*TASK GOAL*
Give back, word for word, the lines in the listing below from the one holding "Blower fan mount: Upgrade" down to the one holding "지난 13일에는 전교생이", both ends included.

*MATERIAL FOR THIS EXERCISE*

[Start of section]

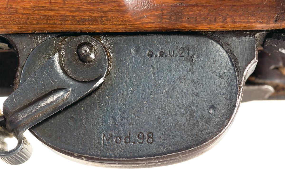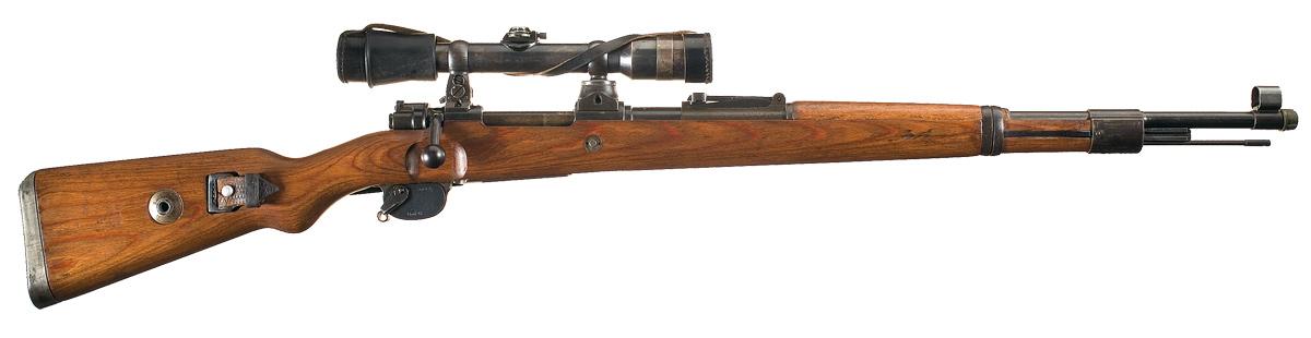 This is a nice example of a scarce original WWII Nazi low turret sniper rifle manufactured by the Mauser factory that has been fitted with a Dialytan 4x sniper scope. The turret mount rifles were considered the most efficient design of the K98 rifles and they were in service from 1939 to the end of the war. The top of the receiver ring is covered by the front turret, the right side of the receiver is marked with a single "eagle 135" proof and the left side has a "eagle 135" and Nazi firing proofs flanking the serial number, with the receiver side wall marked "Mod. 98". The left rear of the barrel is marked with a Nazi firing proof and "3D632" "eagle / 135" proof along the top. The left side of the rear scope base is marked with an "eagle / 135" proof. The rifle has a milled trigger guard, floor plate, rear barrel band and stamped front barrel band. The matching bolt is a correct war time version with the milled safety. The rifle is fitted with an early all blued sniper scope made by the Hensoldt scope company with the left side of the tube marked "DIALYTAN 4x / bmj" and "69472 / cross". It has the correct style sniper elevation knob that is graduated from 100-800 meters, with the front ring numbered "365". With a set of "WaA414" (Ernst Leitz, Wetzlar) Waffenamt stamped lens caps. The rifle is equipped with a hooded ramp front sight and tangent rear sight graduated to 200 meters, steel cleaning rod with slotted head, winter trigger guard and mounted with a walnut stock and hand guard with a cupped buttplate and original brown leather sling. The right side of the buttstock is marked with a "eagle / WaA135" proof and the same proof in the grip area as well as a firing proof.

[End of section]
[Start of section]

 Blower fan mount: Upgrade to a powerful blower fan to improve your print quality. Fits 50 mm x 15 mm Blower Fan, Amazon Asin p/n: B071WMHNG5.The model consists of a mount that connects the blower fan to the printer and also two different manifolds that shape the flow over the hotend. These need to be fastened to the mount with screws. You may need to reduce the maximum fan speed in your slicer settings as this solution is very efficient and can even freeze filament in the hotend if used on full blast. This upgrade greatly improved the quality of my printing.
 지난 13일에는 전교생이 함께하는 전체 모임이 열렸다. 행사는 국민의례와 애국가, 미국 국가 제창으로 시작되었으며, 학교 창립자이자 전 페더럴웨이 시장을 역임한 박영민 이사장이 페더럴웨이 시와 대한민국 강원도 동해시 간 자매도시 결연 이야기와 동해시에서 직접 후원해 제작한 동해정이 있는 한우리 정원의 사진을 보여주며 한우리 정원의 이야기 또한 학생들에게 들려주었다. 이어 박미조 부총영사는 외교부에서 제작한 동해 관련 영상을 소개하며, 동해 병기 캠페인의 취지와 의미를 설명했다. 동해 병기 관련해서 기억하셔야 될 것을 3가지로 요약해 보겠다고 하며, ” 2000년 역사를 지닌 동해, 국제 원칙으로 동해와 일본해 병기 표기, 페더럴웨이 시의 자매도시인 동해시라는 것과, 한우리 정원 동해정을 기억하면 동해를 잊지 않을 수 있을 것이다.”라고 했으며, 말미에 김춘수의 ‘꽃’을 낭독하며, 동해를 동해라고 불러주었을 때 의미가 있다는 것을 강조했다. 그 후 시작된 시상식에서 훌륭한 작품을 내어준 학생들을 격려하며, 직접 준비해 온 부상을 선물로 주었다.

[End of section]

*SOLUTION TO THE PROBLEM*
 Blower fan mount: Upgrade to a powerful blower fan to improve your print quality. Fits 50 mm x 15 mm Blower Fan, Amazon Asin p/n: B071WMHNG5.The model consists of a mount that connects the blower fan to the printer and also two different manifolds that shape the flow over the hotend. These need to be fastened to the mount with screws. You may need to reduce the maximum fan speed in your slicer settings as this solution is very efficient and can even freeze filament in the hotend if used on full blast. This upgrade greatly improved the quality of my printing.
 지난 13일에는 전교생이 함께하는 전체 모임이 열렸다. 행사는 국민의례와 애국가, 미국 국가 제창으로 시작되었으며, 학교 창립자이자 전 페더럴웨이 시장을 역임한 박영민 이사장이 페더럴웨이 시와 대한민국 강원도 동해시 간 자매도시 결연 이야기와 동해시에서 직접 후원해 제작한 동해정이 있는 한우리 정원의 사진을 보여주며 한우리 정원의 이야기 또한 학생들에게 들려주었다. 이어 박미조 부총영사는 외교부에서 제작한 동해 관련 영상을 소개하며, 동해 병기 캠페인의 취지와 의미를 설명했다. 동해 병기 관련해서 기억하셔야 될 것을 3가지로 요약해 보겠다고 하며, ” 2000년 역사를 지닌 동해, 국제 원칙으로 동해와 일본해 병기 표기, 페더럴웨이 시의 자매도시인 동해시라는 것과, 한우리 정원 동해정을 기억하면 동해를 잊지 않을 수 있을 것이다.”라고 했으며, 말미에 김춘수의 ‘꽃’을 낭독하며, 동해를 동해라고 불러주었을 때 의미가 있다는 것을 강조했다. 그 후 시작된 시상식에서 훌륭한 작품을 내어준 학생들을 격려하며, 직접 준비해 온 부상을 선물로 주었다.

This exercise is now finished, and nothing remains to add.